He sat back down, apparently lost in his own brooding thoughts about hanging bodies. Naoto, aware that her thinking should be going along the same lines, was both frustrated and relieved to see that, somehow, Dojima still seemed to be totally oblivious of the strange and inopportune sensations he was causing in his younger companion. How, she wondered, could he be so collected? Moments later, she asked herself how on earth it was that she could be so flustered and unhinged by one entirely accidental physical moment.

"Hey, you okay?" asked Dojima, cutting through Naoto's racing mind. "You're breathing funny. Did you sprain something when you fell, just now? Damn, that's the last thing we need…"

"No," Naoto assured him stoically. "No, sir, I'm fine. There's nothing the matter at all."

Attempting to recollect herself by sheer force of will, she reminded her rampant hormones that this behavior was inappropriate, unseemly, and poorly timed.


	7. Seven - Long Walk Home

**Seven – Long Walk Home**

As they trudged back through the night together, Naoto and Dojima had to worry less about being discreet and unnoticed. The stakeout was over, they'd lost the battle, and it was time to throw in the towel until a new opportunity presented itself. On one hand, Naoto was frustrated and annoyed that they hadn't managed to catch the culprit, and she was embarrassed that it was due in some part to her having stumbled over Dojima and impeded his charge.

On the other hand, however, she was a little bit relieved. The evening had been such a maelstrom of complicated emotions and sensations that it was nice, for a moment, not to have to worry about keeping track of a criminal on top of mastering heartache.

"Nanako's gonna be mad at me," Dojima muttered with a sigh. "I guess I should hope she won't still be awake when I get home, but…she always hears the door open, even from her bedroom. Her Big Bro was supposed to put her to bed at nine, but I'm not holding my breath."

Naoto had only ever seen Dojima's daughter once, when Nanako and her cousin Yu had come to visit the station after Nanako's school let out for the day. Nanako, thought Naoto, was a bright, happy, vigorous little girl, and it had surprised her to see just how much Nanako differed in temperament from the taciturn and grouchy Detective Dojima.

Now, however, Dojima's grumblings about Nanako's bedtime made Naoto smile involuntarily. "She takes after her father, I see," murmured Naoto. "Stubborn." She could just imagine that familiar, disgruntled expression on the face of Dojima's little daughter.

Naoto was not, as it happened, usually a kid person. She just wasn't sure how to connect with them, and she found their childish whining offensive and irritating in every degree. Still, the idea of Dojima's personality planted in a tinier vessel was charming.

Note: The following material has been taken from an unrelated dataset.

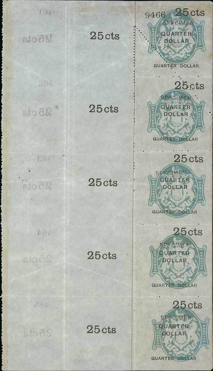 1885 denominated in dollars, 25c. grey-blue, complete booklet pane plus counterfoils from the preceding pane, on gummed paper, each stamp overprinted "specimen", and showing a perforation error caused by a paper fold, only the top stamp shows a serial number (9466) with the counterfoils blank, the counterfoils from preceding page correctly numbered 9461-9465. Extremely rare being one of only a handful of recorded complete panes, and particularly desirable to demonstrate the difficulty of printing the complex numbered booklets used for this issue.

"Heh," mumbled Dojima. "Stubborn is right, although…I think she gets that from her mother. She takes after her mother more than me, anyway."

"I would imagine that must be difficult for you," murmured Naoto, before realizing that she'd said those words out loud.

There was silence between them for a moment, before Dojima finally spoke up. When he did, he sounded thoughtful, rather than irate.

"I can't decide if it gets easier or harder every day," he admitted. "Maybe both."

Emboldened by his failure to reprimand her, Naoto pushed her luck a little bit farther. "What was she like?" she asked hesitantly.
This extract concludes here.